Topics, variables, and features
System is designed to maximize precision in how evidence is captured and represented, while also ensuring that information about the same or similar things is grouped together. This is key to building and representing one system.
Words necessarily obfuscate some complexity of the system they represent. So the System Platform organizes information into three layers of precision. To make it clear what resolution you’re investigating, System color codes this as follows:
Most specific | Information at the data level is represented in blue. | new_confirmed |
| Information at the variable level is represented in black. | Covid-19 Incidence |
Least specific | Information at the topic level is represented in red. | COVID-19 |
Topics make up the platform’s semantic layer. They provided shared meaning spaces to organize and explore information on System. At this highest level, System organizes variables by the topics they measure.
The System Platform pulls all topics and their definitions from Wikidata and regularly indexes Wikidata to remain up-to-date with the Semantic Web.
Unlike variables, topics can’t be measured in and of themselves.
Variables on System are scientific variables used to measure topics in the world. We define variables, simply, as anything that can be measured using a defined methodology.
Variables like Body Mass Index (BMI) and Gross Domestic Product (GDP) help us understand our health and the economy. BMI, for example, is universally defined as the body mass divided by the square of the body height, and is expressed in units of kg/m2.
A variables may be one of several ways of measuring a topic. For example:
Variable Name | Topic Name |
---|---|
| Obesity |
| Human Pregnancy |
Depending on the goal of a study, researchers measure the topic Air Pollution in different ways. For example:
- "Concentration of Fine Particulate Matter" when studying the role that Fine Particulate Matter plays in premature deaths per year worldwide, as per this study.
- "Toxicity of Fine Particulate Matter", when comparing levels of toxicity in various combustion sources and non-combustion sources, such as diesel engines, road dust, coal combustion, as per this study.

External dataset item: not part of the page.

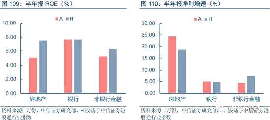 ROE方面,A股銀行板塊和H股持平,非銀金融和房地產A股低于H股。根據半年報財務數據,A股的銀行ROE達7.68%,基本和H股的7.65%相同,A股房地產和非銀金融的ROE為5.06%、5.25%,低于H股的7.51%、6.31%。半年報凈利增速方面,A股銀行、非銀金融和房地產凈利增速相對H股情況各有不同,A股房地產凈利潤增速高于H股,銀行則持平,非銀金融凈利潤增速A股要低于H股。

- "Concentration of Nitrogen Dioxide", when studying the effect of nitrogen dioxide concentrations on bronchial inflammations, as per this study.
Variables Monitoring
System also provides a way of tracking the values of variables as a system. When variables are connected to data with time-varying values, System displays the current value alongside the most recent previous value and the percent change between the values. When the values and recent changes are examined for systems of related variables, you get richer context to consider the data. While depictions of changes in value can be found in many places (economic indicator reports, health records, etc.), this feature is designed to show you systems of changes in the data that are used to measure our world. Since System shows you the statistical direction of the relationships between variables (though not necessarily the causal direction), this feature can help you predict changes in variables before they are actually measured and consider possible actions to take to move variables.

Features (data) are the most precise building block in System’s information architecture. Whenever possible, pieces of evidence are gathered and computed at this level to maximize accuracy and reproducibility.
System matches data, variables, and topics as follows: A topic can be matched to any variable and a variable can be matched to any feature. This many-to-one organization allows System to aggregate statistical associations even when the underlying features and variables are operationalized slightly differently (e.g. measured on different populations).